#### Exercise aim:
Beneath this task are records; print exactly the stretch of them from the line with "BOENFU 30 Pcs" through the line with "這樣的運營風格,和內容創作互", both ends included.

#### Stored data:
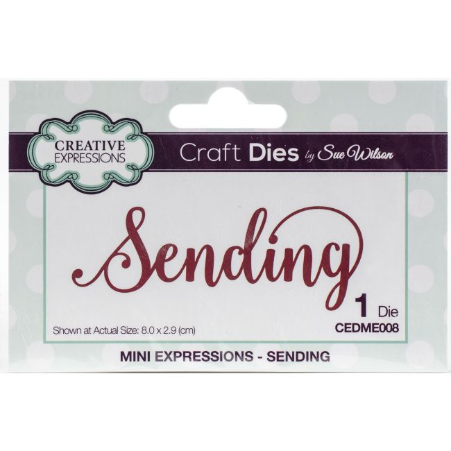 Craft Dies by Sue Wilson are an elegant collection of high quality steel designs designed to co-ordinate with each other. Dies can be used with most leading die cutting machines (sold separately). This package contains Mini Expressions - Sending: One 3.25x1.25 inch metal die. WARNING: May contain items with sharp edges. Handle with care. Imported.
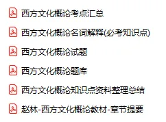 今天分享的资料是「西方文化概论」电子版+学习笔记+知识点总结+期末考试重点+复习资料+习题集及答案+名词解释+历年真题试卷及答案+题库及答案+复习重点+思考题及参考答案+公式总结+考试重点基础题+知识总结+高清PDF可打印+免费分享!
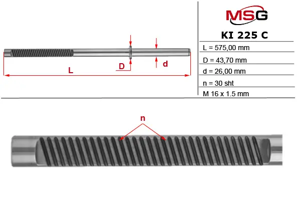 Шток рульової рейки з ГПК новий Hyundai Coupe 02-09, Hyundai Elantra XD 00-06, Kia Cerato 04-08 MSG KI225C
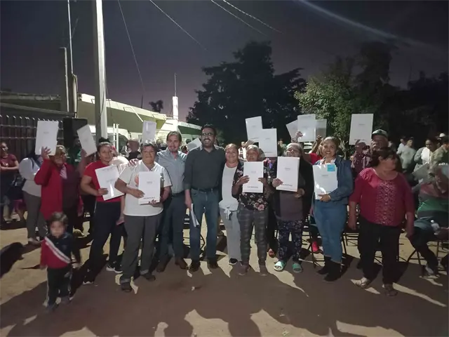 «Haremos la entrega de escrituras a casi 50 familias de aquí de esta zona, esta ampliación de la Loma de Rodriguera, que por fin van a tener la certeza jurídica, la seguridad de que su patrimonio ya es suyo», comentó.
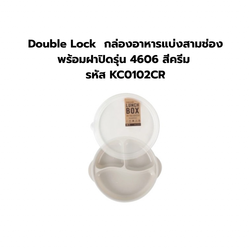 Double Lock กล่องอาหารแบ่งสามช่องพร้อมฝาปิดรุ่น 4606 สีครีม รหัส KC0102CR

* * *

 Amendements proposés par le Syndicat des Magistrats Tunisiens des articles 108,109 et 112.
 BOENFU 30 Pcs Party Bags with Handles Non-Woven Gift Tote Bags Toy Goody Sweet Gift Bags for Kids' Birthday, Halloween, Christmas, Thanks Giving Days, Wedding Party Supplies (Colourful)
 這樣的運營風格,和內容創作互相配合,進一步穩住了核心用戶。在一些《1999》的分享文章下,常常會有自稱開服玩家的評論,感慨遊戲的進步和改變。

#### Solved exercise:
 BOENFU 30 Pcs Party Bags with Handles Non-Woven Gift Tote Bags Toy Goody Sweet Gift Bags for Kids' Birthday, Halloween, Christmas, Thanks Giving Days, Wedding Party Supplies (Colourful)
 這樣的運營風格,和內容創作互相配合,進一步穩住了核心用戶。在一些《1999》的分享文章下,常常會有自稱開服玩家的評論,感慨遊戲的進步和改變。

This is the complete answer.